- _Task instructions_: Below this line are records; transcribe exactly the lines between the one holding "计算机2509班团支部的另一" and the one holding "Po uĹoĹźeniu lier", inclusive, and omit the pictures.
---- Listed records
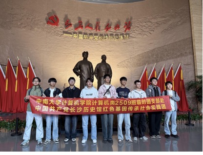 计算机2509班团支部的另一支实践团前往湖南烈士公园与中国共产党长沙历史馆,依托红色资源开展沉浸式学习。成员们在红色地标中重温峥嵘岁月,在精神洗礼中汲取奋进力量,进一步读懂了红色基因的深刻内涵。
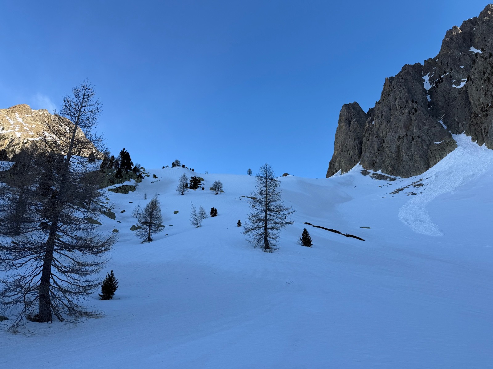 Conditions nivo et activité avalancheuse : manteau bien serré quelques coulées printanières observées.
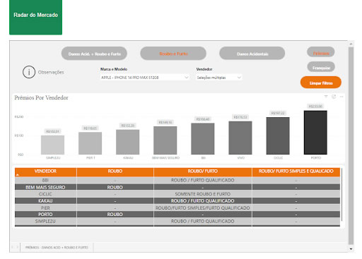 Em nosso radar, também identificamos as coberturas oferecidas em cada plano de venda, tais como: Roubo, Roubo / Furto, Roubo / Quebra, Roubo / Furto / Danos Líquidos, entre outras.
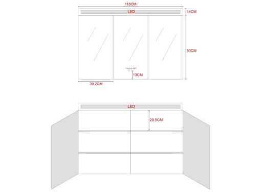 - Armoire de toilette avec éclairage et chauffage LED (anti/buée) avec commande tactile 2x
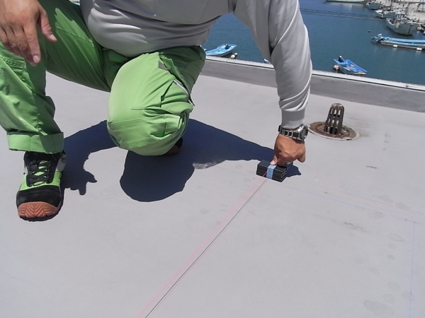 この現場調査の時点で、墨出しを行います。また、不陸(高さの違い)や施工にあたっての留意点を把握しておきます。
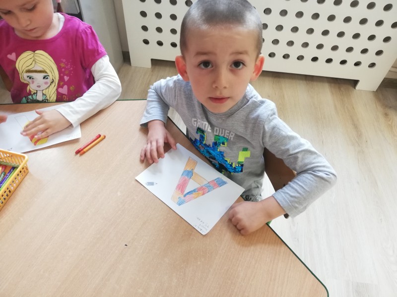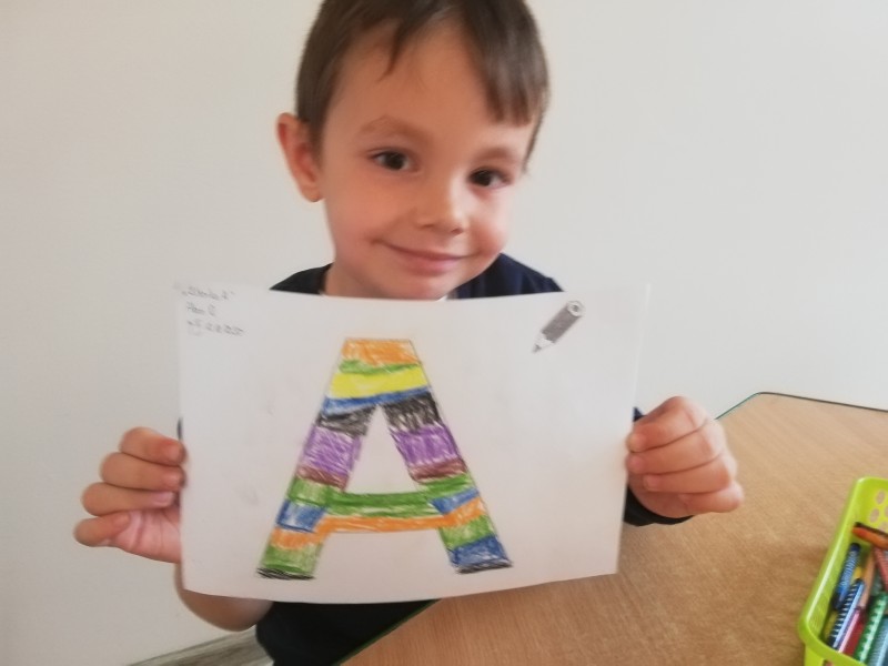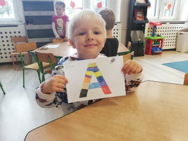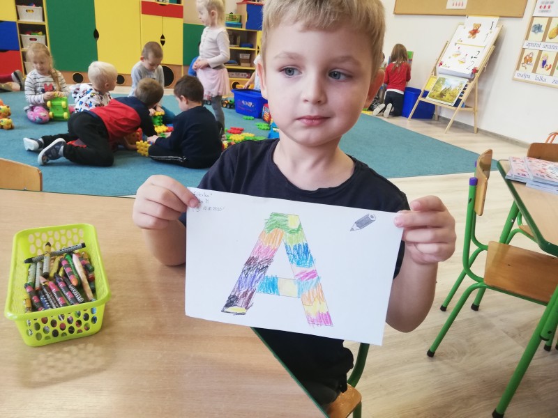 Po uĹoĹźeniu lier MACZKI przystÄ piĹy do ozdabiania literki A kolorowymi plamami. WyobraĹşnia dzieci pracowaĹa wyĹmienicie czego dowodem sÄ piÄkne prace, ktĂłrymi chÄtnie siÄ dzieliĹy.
--------
---- Listed records
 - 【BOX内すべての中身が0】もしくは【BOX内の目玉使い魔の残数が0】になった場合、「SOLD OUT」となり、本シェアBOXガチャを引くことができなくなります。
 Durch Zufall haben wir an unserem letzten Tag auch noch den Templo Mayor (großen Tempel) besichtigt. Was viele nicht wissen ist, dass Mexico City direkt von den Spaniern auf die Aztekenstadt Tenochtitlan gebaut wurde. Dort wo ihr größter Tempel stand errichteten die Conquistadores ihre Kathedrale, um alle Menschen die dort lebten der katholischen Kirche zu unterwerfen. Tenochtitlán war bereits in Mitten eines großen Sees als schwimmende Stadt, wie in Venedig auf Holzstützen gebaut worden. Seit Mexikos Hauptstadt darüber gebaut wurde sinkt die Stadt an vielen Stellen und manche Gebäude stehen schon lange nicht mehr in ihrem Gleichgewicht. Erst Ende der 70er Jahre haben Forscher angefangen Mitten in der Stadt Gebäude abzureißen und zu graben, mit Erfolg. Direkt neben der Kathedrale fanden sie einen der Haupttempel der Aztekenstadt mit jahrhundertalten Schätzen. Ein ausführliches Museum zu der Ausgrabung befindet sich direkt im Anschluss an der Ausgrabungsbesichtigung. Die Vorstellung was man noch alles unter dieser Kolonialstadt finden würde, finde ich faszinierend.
--------
- _Solution to the exercise_:
 计算机2509班团支部的另一支实践团前往湖南烈士公园与中国共产党长沙历史馆,依托红色资源开展沉浸式学习。成员们在红色地标中重温峥嵘岁月,在精神洗礼中汲取奋进力量,进一步读懂了红色基因的深刻内涵。
 Conditions nivo et activité avalancheuse : manteau bien serré quelques coulées printanières observées.
 Em nosso radar, também identificamos as coberturas oferecidas em cada plano de venda, tais como: Roubo, Roubo / Furto, Roubo / Quebra, Roubo / Furto / Danos Líquidos, entre outras.
 - Armoire de toilette avec éclairage et chauffage LED (anti/buée) avec commande tactile 2x
 この現場調査の時点で、墨出しを行います。また、不陸(高さの違い)や施工にあたっての留意点を把握しておきます。
 Po uĹoĹźeniu lier MACZKI przystÄ piĹy do ozdabiania literki A kolorowymi plamami. WyobraĹşnia dzieci pracowaĹa wyĹmienicie czego dowodem sÄ piÄkne prace, ktĂłrymi chÄtnie siÄ dzieliĹy.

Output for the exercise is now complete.